[Opening Information provided section]

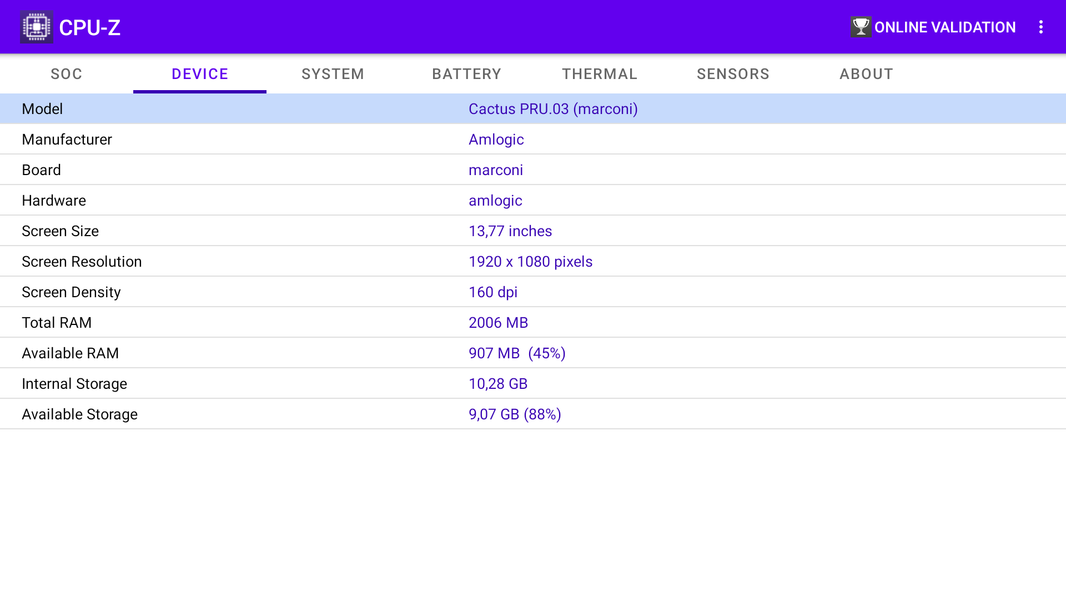 Программной платформой для этого ТВ служит операционная система Android TV, основанная на Android версии 9. Конфигурацию аппаратной части поясняют данные программы CPU-Z:
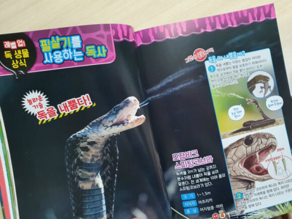 부분은 뱀이었다. 독을 내뿜는 뱀의 기술에 놀라워했는데 실제 사진과 함께 설명되어 있어 더 생동감이 느껴졌다.
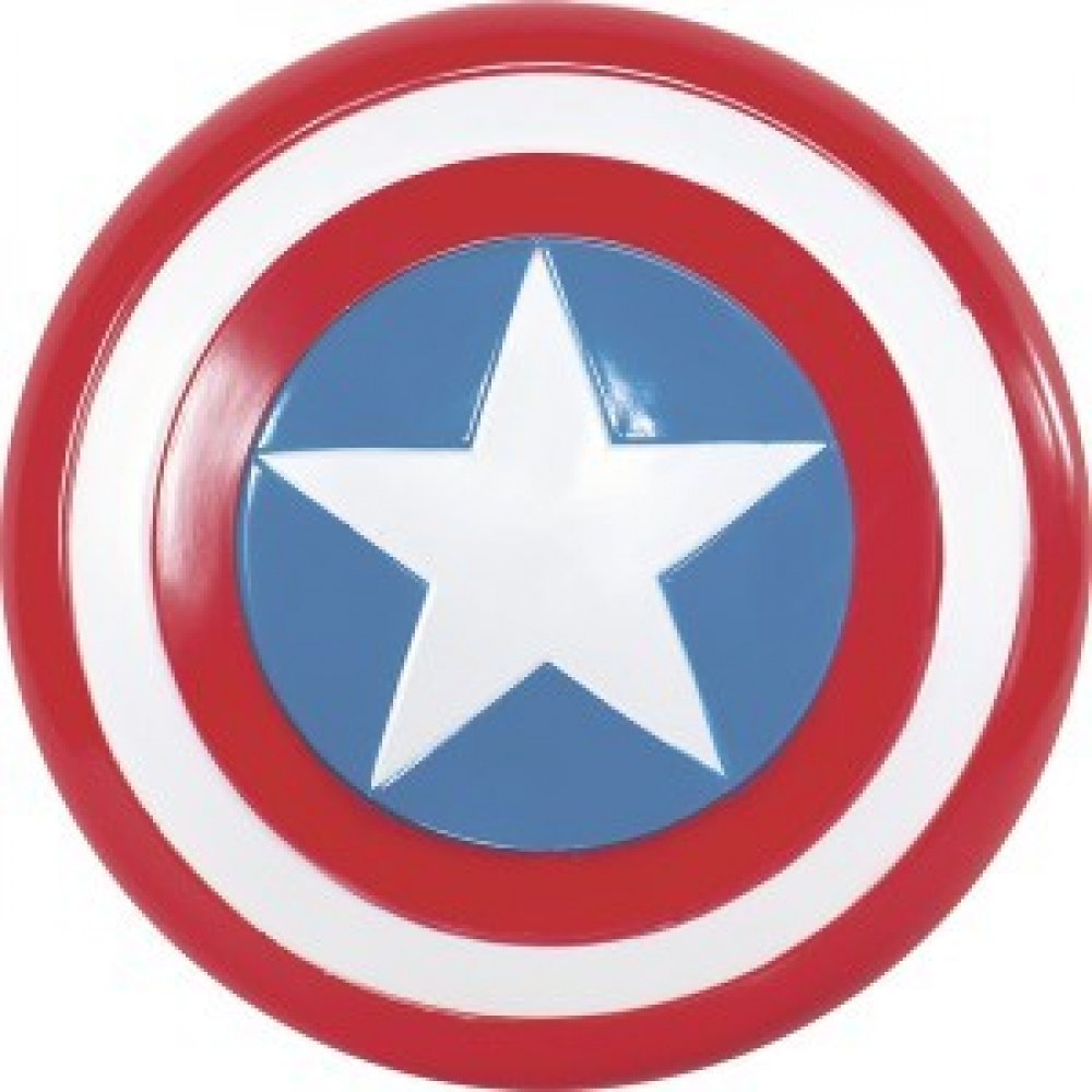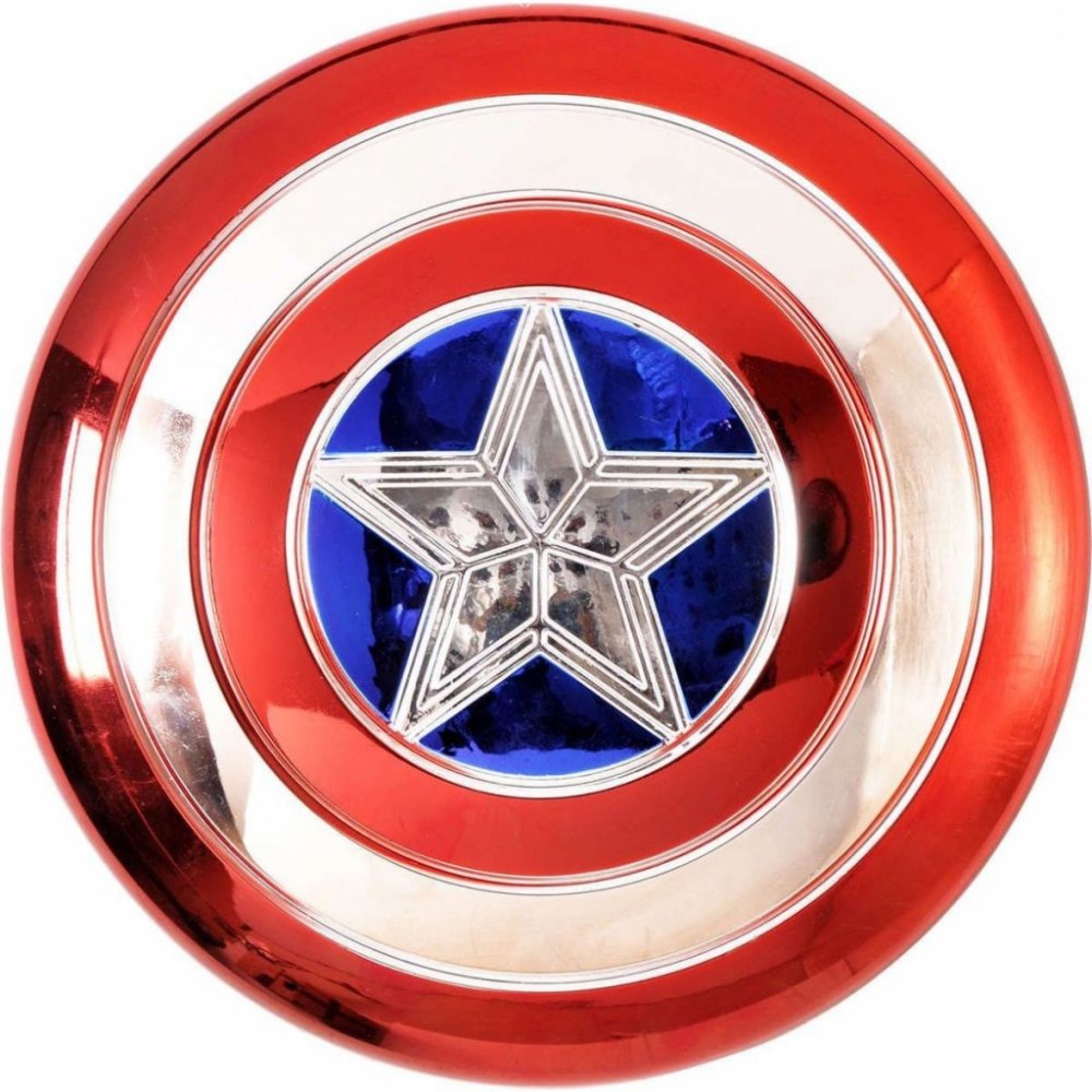 Velmi hezký štít Avengers Assemble Captain America. S tímto štítem se vaše ratolest stane Capitainem America. Tento kruhový štít má červené a stříbrné pruhy se stříbrnou hvězdou ve středu, která je dominantou modrého kruhu uprostřed. Štít je vyrobený z PVC a má průměr 30 cm.

[Closing Information provided section]

Description of the task
Images are to be skipped, and each line above is to be returned exactly.

Answer to the problem
 Программной платформой для этого ТВ служит операционная система Android TV, основанная на Android версии 9. Конфигурацию аппаратной части поясняют данные программы CPU-Z:
 부분은 뱀이었다. 독을 내뿜는 뱀의 기술에 놀라워했는데 실제 사진과 함께 설명되어 있어 더 생동감이 느껴졌다.
 Velmi hezký štít Avengers Assemble Captain America. S tímto štítem se vaše ratolest stane Capitainem America. Tento kruhový štít má červené a stříbrné pruhy se stříbrnou hvězdou ve středu, která je dominantou modrého kruhu uprostřed. Štít je vyrobený z PVC a má průměr 30 cm.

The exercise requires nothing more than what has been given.